No, I don't think you're just allowed to do that, because actually the galaxies are not (only) moving away from us, but the universe expands ("space is being created in between"). A famous analogy is that of coins on a balloon: if you inflate the balloon, the distance between the coins increases, while they are not actually moving relative to each other (if you'd draw a grid on the balloon, the coordinates of the coins would not change). But to an observer on one of those coins, it would seem that the other ones were moving away from him (in all directions, making it seem he was himself at the center of the expansion). In fact, it is possible to have them receding faster than the speed of light, I believe, because there is not actual "motion" involved in the normal sense.

I know you are not suppose to use SR with when velocities are close to the speed of light.
I think you said that the wrong way 'round (or I just understood it that way). SR is exactly meant for the regime where v ~ c.

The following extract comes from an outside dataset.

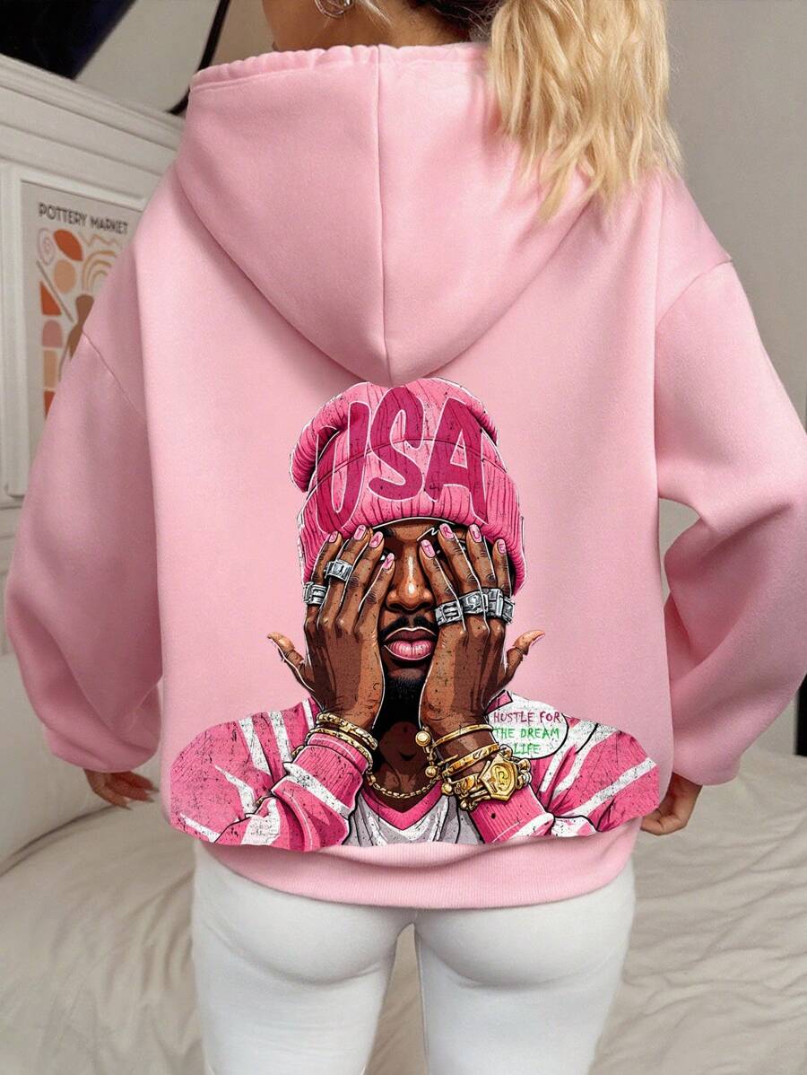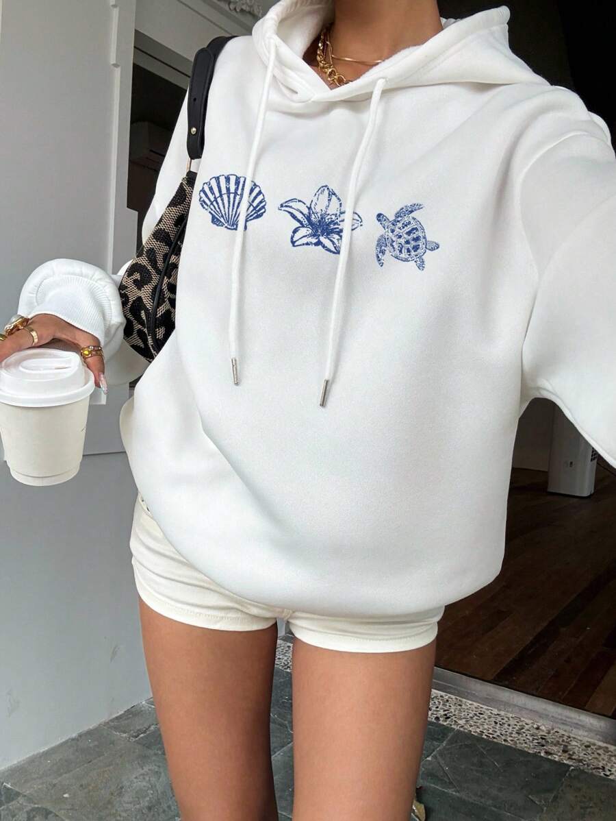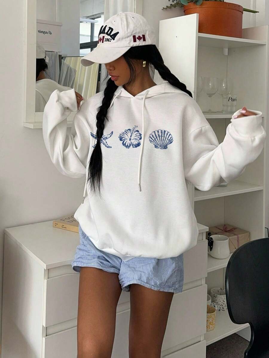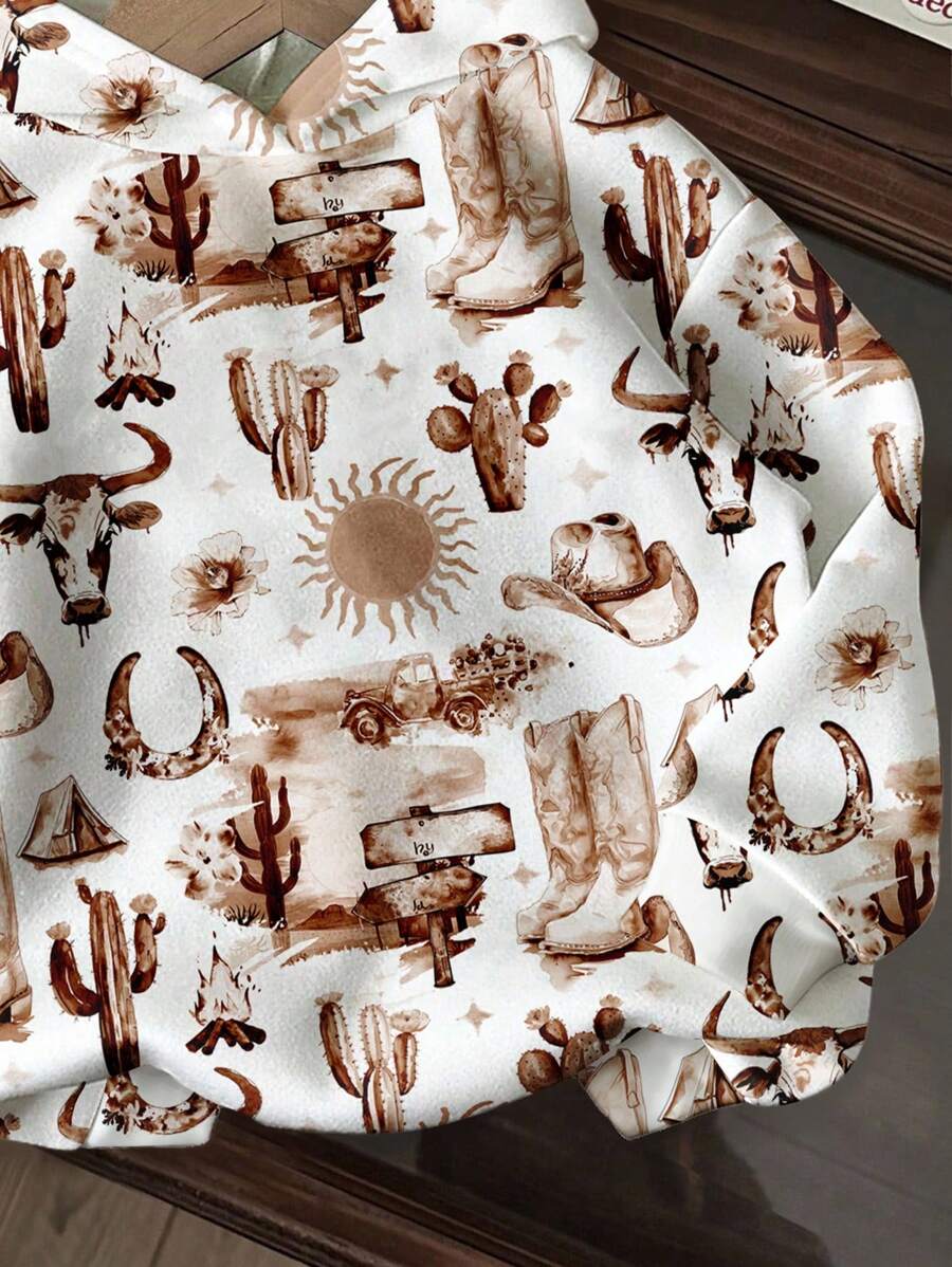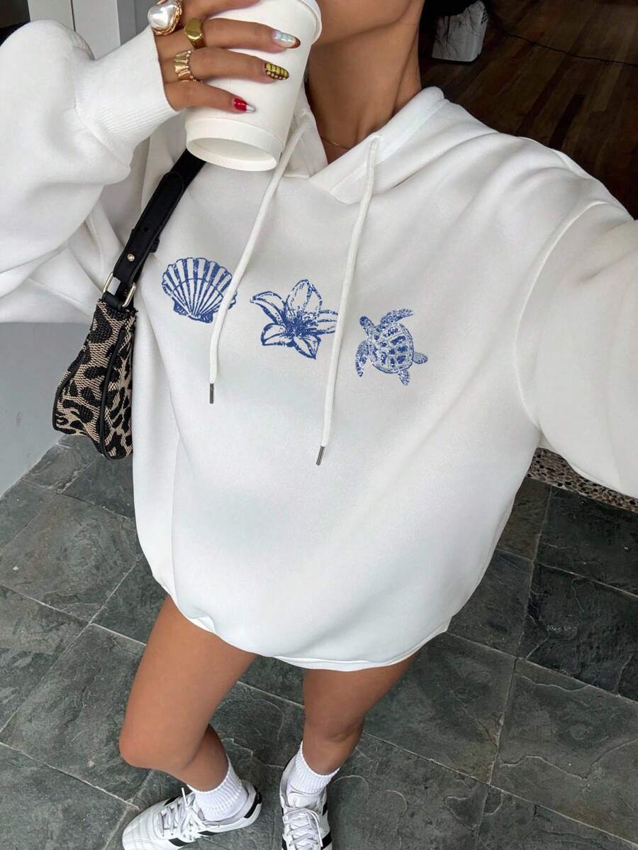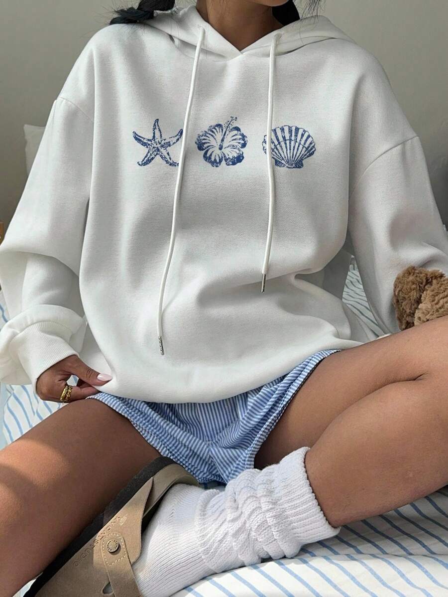 Attitoon sudadera con buzos con capucha de forro polar grueso y ajuste holgado con estampado de leopardo y estrella en blanco para mujer, talla grande

I am not sure if a velocity due to universal expansion is really a velocity, just like relitivistic mass is not really mass.
As I explained, AFAIK it's not. But not in the same what that "relativistic mass is not really mass".
 
A consequence of GR is that you cannot compare velocities at different spacetime points. The term "speed of recession" is not what it sounds like.
 
Well then GR is out and SR is Ok.
Another question.

In SR, can I calculate gravitational force from a distant mass by using its rest mass or its relativistic mass in Newton’s Gravitation equation?
I don’t think I am suppose to do this.

How can I calculate an acceleration or a force caused by a very distant mass?
Is it possible?
 
duordi said:
If I want to consider the velocity of distant receding galaxies which may be receding at velocities close to the speed of light can I use SR?
I think you must use GR because, IIRC, distant receding galaxies can be receding at velocities much greater than the speed of light. This is possible in GR, but not in SR.
 
I think the problem with using SR is that the spacetime has to be flat, and in the cosmology we observe it is not. In a flat spacetime, say where you only had a "Big Bang" of test particles with no appreciable gravity, you might be able to get away with SR and just note that your perceptions of distant regions are highly length contracted relative to what they perceive locally (a la the "Milne" model), so if you wanted to have a test-particle equivalent of a cosmological principle, you'd have to include that carefully. You would be using a coordinatization where the recession speeds are never superluminal. Note that whether they are faster than c in our own universe is also a coordinate dependent issue-- I believe this was genneth's point that the concept of velocity is not terribly meaningful at distantly separated points, it is just a choice of coordinates. But in our universe, if you choose comoving-frame coordinates where the local coordinate charts follow the gradual separating of the galaxy clusters, the recession rate is faster than c for the most distantly observed galaxies. Could you get that by using comoving frame coordinates in flat spacetime? Perhaps you could.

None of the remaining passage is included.